How can I solve this problem?

jheer commented 7 months ago

Mosaic does not currently have dedicated support for filtering across multiple tables. While optimizations such as query caching and query consolidation (grouping queries over the same table with the same groupby values) apply generally, our data cube indexes apply only to selections with clients that all target the same base table.

When feasible, I would recommend performing any joins as a pre-processing step: create a new table (or view) that joins the data together, and then use that as your base for visualization and interaction. The table or view could be created as part of your initial data loading; we do this in the unemployment map example.

Otherwise, it would be great to learn more about your use case needs. We'd like to provide richer support for cross-table linking, but we're still in a "requirements gathering" phase of design. (And I believe @domoritz and collaborators may also be looking into similar issues?)


As for this part: "It generates a correct query and works on small tables (~30,000 rows), but on tables with 100,000+ rows, it does not work at all, no reaction on selection and no errors in the console.", I don't know what is going on. Indeed it seems strange that the scale difference alone would fundamentally change things beyond performance (unless the joined results are so large they overrun browser memory limits). I'd start by looking at DuckDB logs to see if the queries are executing successfully, and of course you can also log your custom client's queryResult and queryError methods to see if a response is arriving.

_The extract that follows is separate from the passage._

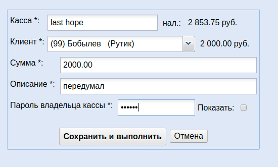 В программе есть возможность вернуть деньги с баланса клиенту без печати чека в фискальном регистраторе.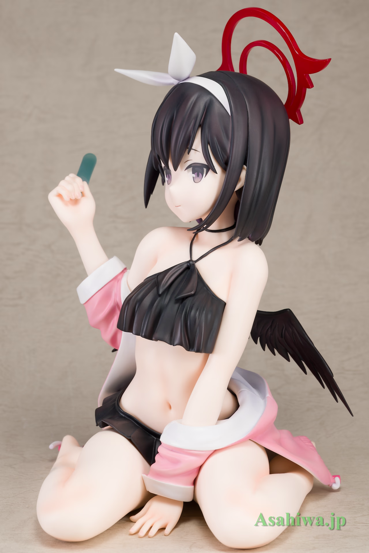 出自《蔚藍檔案 Blue Archive》,三一綜合學園正義實現委員會的真白化身為1/4比例模型登場!服裝以作品中活動「夏空的心願清單」的超人氣泳裝造型製成模型。單手拿著冰棒向老師(玩家)搭話,截取記憶深刻回憶大廳的一景。頭上的光環、背後的翅膀,以及可愛粉紅色的連帽上衣也依照設定重現。將她迎接至老師的身邊吧。

domoritz commented 7 months ago

CC @willeppy

kolmakova commented 7 months ago

@jheer Thank you for the answer!

I'm working on a graph visualization. It has one raw data table and two additional tables: one for unique nodes and one for links between them. The graph relies on these generated nodes and links tables. The nodes and links have aggregated values calculated from the raw data, visualized in histograms for each value. If the aggregated value is by link, the histogram will select both nodes involved in the link within the selected value range. So selecting nodes in the graph by histogram ranges, crossfiltered by nodes and links, is a clear use case in the graph visualization context.

Crossfiltering between only nodes or only link values works super fast, I'll try to manage crossfiltering between nodes and links in the code, not SQL.

P.S. I've debugged my join queries on large tables and found that they execute successfully, but run very slowly - up to 2-10 minutes, even though the result set may only contain a few rows.